> Your objective
Once you find the line below that has "This palette uses", output it and every line after it exactly, stopping after the line that has "Confortable fauteuil sobre", with no pictures.

> Material provided
________

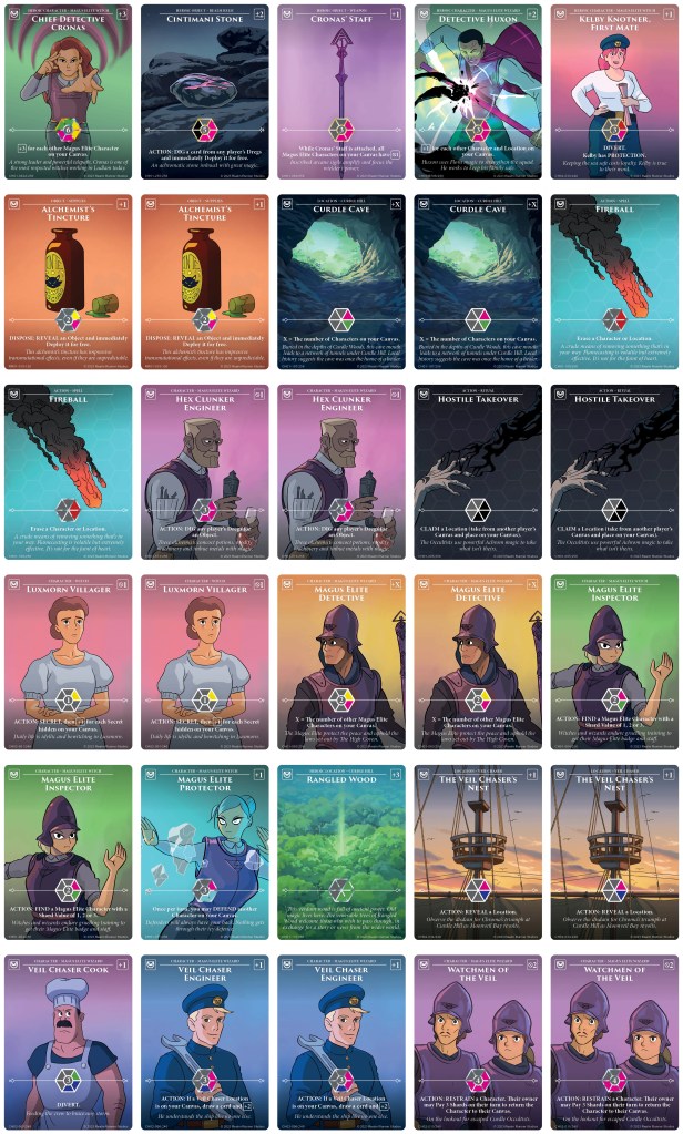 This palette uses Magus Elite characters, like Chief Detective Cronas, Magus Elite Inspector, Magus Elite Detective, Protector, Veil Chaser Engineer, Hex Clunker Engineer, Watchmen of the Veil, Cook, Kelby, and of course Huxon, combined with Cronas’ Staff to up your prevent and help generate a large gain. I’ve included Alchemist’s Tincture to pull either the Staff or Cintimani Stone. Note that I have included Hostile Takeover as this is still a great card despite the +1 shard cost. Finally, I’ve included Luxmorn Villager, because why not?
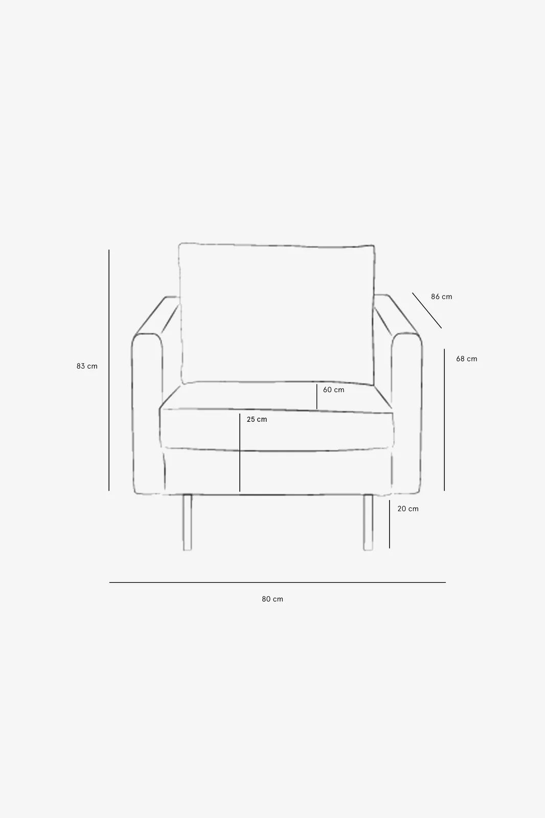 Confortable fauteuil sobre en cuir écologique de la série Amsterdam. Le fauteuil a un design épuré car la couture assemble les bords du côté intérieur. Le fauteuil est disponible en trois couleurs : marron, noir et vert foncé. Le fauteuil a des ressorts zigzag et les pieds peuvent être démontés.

________

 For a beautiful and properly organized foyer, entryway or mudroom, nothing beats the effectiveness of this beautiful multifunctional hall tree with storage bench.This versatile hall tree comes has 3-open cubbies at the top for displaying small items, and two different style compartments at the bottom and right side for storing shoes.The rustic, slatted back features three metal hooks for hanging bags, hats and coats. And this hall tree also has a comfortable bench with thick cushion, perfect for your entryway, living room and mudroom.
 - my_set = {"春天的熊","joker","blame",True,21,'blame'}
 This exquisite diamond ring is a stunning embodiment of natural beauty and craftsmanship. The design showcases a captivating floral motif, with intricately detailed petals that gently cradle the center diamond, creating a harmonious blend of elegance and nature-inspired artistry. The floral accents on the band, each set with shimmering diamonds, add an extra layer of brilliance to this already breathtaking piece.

________

> Solution to the problem
 This palette uses Magus Elite characters, like Chief Detective Cronas, Magus Elite Inspector, Magus Elite Detective, Protector, Veil Chaser Engineer, Hex Clunker Engineer, Watchmen of the Veil, Cook, Kelby, and of course Huxon, combined with Cronas’ Staff to up your prevent and help generate a large gain. I’ve included Alchemist’s Tincture to pull either the Staff or Cintimani Stone. Note that I have included Hostile Takeover as this is still a great card despite the +1 shard cost. Finally, I’ve included Luxmorn Villager, because why not?
 Confortable fauteuil sobre en cuir écologique de la série Amsterdam. Le fauteuil a un design épuré car la couture assemble les bords du côté intérieur. Le fauteuil est disponible en trois couleurs : marron, noir et vert foncé. Le fauteuil a des ressorts zigzag et les pieds peuvent être démontés.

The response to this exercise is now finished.